Segment Start: Provided records

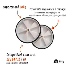 - Rodinha lateral regulável. - Reforçado, auxilia crianças no processo de aprendizagem de andar de bicicleta, transmitindo maior segurança. Compatível com bicicletas aro 12, 14, 16 e 20
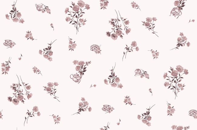 秋のティータイムをイメージして、フラワープリントにティーカップやポットなどが隠れたオリジナルプリント生地です。秋らしい落ち着いたカラーリングで程よい甘さのフラワープリントに仕上げました。
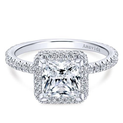 18k White Gold Princess Cut Double Halo Diamond Engagement Ring
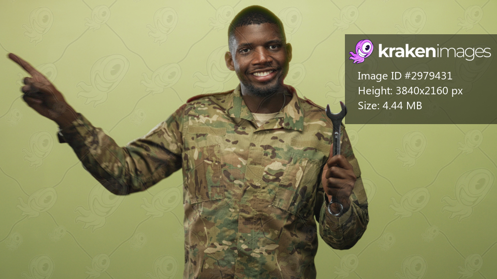 Soldier man in camouflage uniform smiling, holding a wrench and pointing finger left in studio; pride duty.
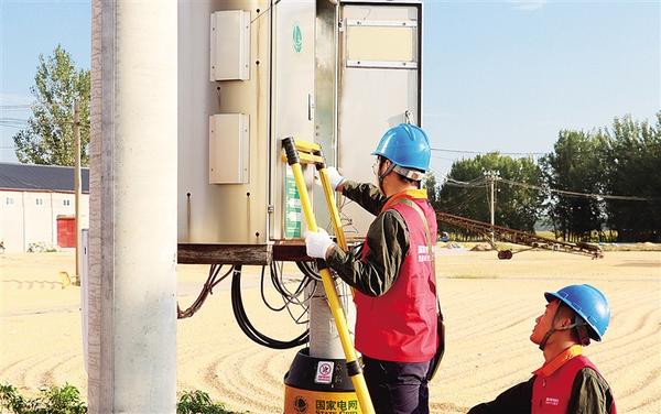 10月6日,国网扶沟县供电公司焦裕禄共产党员服务队深入扶亭街道张庄村秋粮收割和晾晒现场,主动了解用电需求,巡检用电设施,助力秋粮颗粒归仓,彰显企业担当。记者 金月全 通讯员 张鹏举 摄
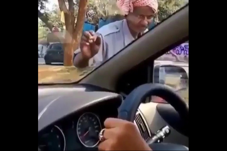 Мужчина попросил денег у людей в проезжающей машине, но они сказали ,что у них нет наличных денег и попрошайка продемонстрировал свой личный терминал для кредитных карт, насмешив людей.
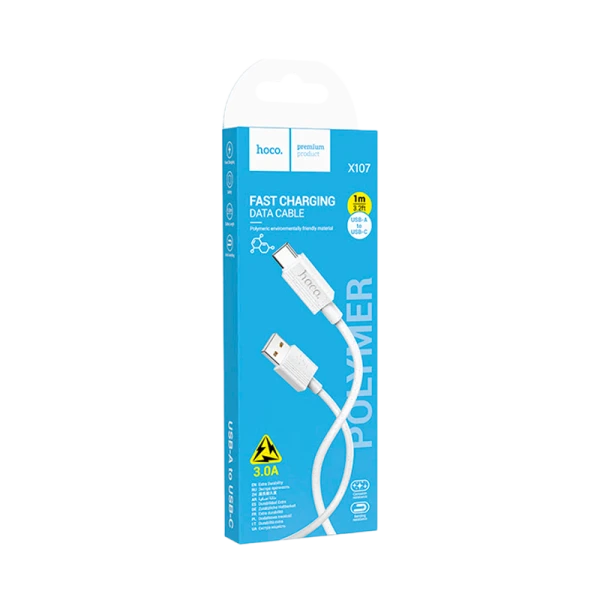 Кабель HOCO X107 USB (m)-Type-C (m) 1.0м 3.0A ПВХ белый;
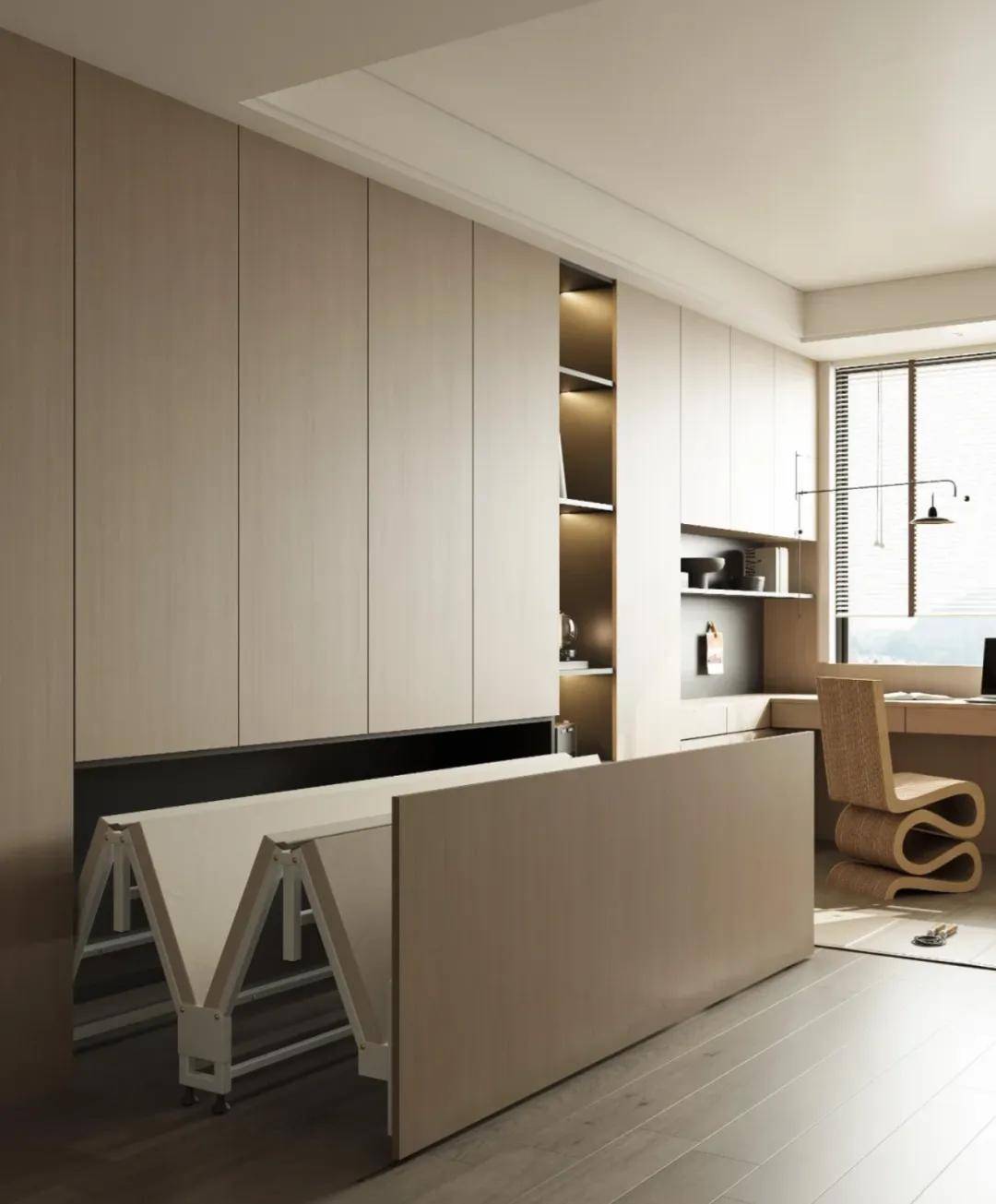 你要是担心未来要留宿,我教你一个万能招:折叠床!我在书房角落定了一张薄款折叠床,平时竖着放像块白板,需要时打开就是小床,一点不占地。

Segment End: Provided records

> **Work request**:
Starting with the line that contains "Soldier man in", give the lines again exactly as they appear through the last line of the data, pictures excluded.

> **Response**:
 Soldier man in camouflage uniform smiling, holding a wrench and pointing finger left in studio; pride duty.
 10月6日,国网扶沟县供电公司焦裕禄共产党员服务队深入扶亭街道张庄村秋粮收割和晾晒现场,主动了解用电需求,巡检用电设施,助力秋粮颗粒归仓,彰显企业担当。记者 金月全 通讯员 张鹏举 摄
 Мужчина попросил денег у людей в проезжающей машине, но они сказали ,что у них нет наличных денег и попрошайка продемонстрировал свой личный терминал для кредитных карт, насмешив людей.
 Кабель HOCO X107 USB (m)-Type-C (m) 1.0м 3.0A ПВХ белый;
 你要是担心未来要留宿,我教你一个万能招:折叠床!我在书房角落定了一张薄款折叠床,平时竖着放像块白板,需要时打开就是小床,一点不占地。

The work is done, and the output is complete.